The Historikerstreit (German: [hɪsˈtoːʁɪkɐˌʃtʁaɪt] , "historians' dispute")[1] was a dispute in the late 1980s in West Germany between conservative and left-of-center academics and other intellectuals about how to incorporate Nazi Germany and the Holocaust into German historiography, and more generally into the German people's view of themselves.[2] The dispute was initiated with the Bitburg controversy, which related to a commemorative service at a German military cemetery where members of the Waffen-SS were buried. The service was attended by President of the United States Ronald Reagan, who had been invited by the West German Chancellor Helmut Kohl. The Bitburg ceremony was widely interpreted in Germany as the beginning of the "normalization" of the nation's Nazi past, and inspired a slew of criticisms and defenses that made up the initiating arguments of the Historikerstreit.
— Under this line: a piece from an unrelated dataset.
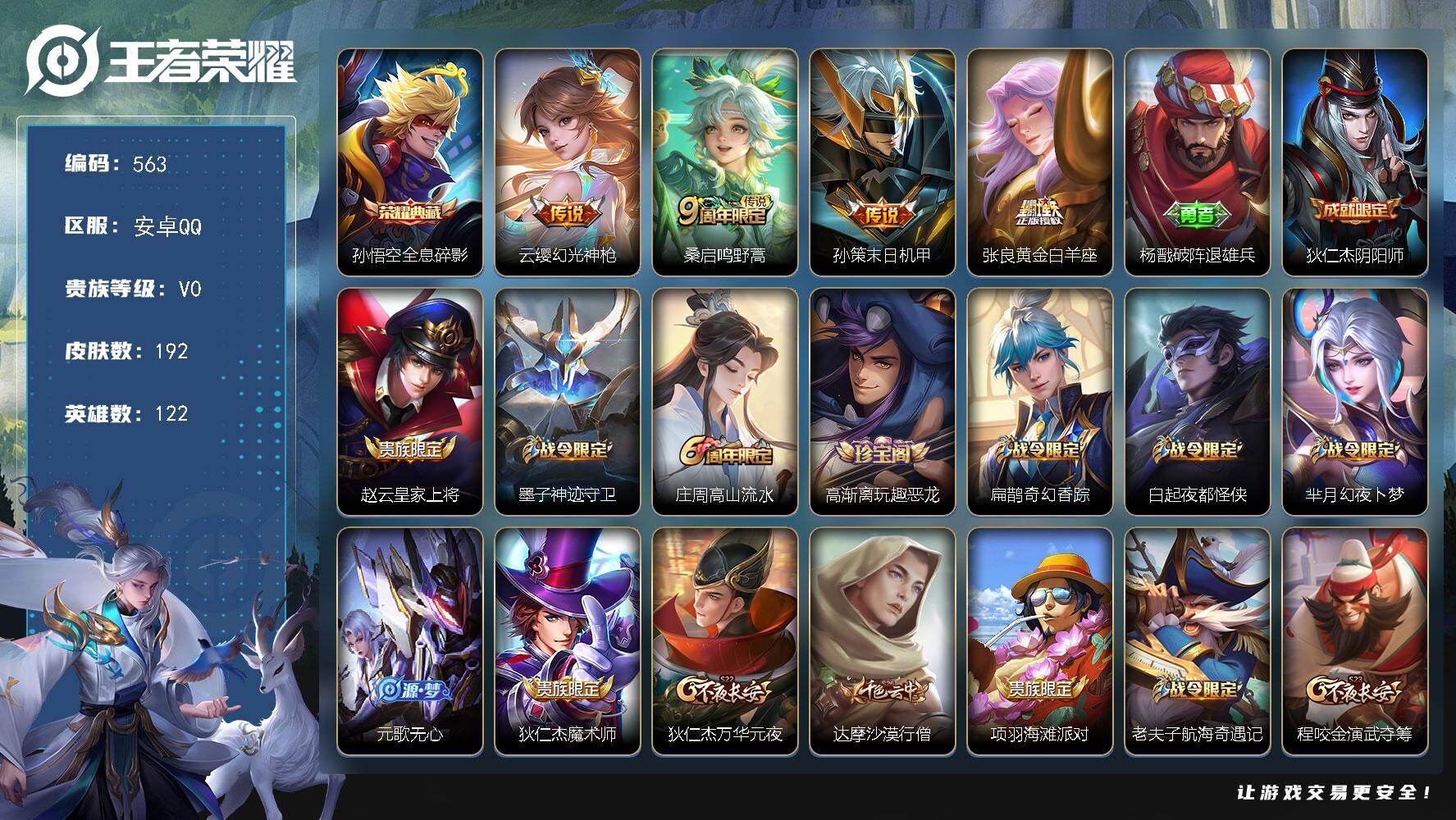 安卓Q-V0-最强王者段位-122英雄-192皮肤-1典藏皮肤-4传说-34史

The dispute quickly outgrew the initial context of the Bitburg controversy, however, and became a series of broader historiographic, political, and critical debates about how the episode of the Holocaust should be understood in Germany's history and identity.
The position taken by conservative intellectuals, most prominently Ernst Nolte, was that the Holocaust was not unique and therefore Germans should not bear any special burden of guilt for the "Final Solution to the Jewish Question".[3][4] Nolte argued that there was no moral difference between the crimes of the Soviet Union and those of Nazi Germany, and that the Nazis acted as they did out of fear of what the Soviet Union might do to Germany.[5] Others argued that the memory of the Nazi era could not be "normalized" and be a source of national pride,[6] and that it echoed Nazi propaganda.[7] Other central questions and topics debated within the dispute included the singularity of the Holocaust, the functionalist and intentionalist models of the Holocaust, methodological approaches to historiography, the political utility of history, the question of whether the Holocaust ought to be studied comparatively, and ethics of public commemorations of history.
The debate attracted much media attention in West Germany, with its participants frequently giving television interviews and writing op-ed pieces in newspapers. It flared up again briefly in 2000 when Nolte, one of its leading figures, was awarded the Konrad Adenauer Prize for science.[8]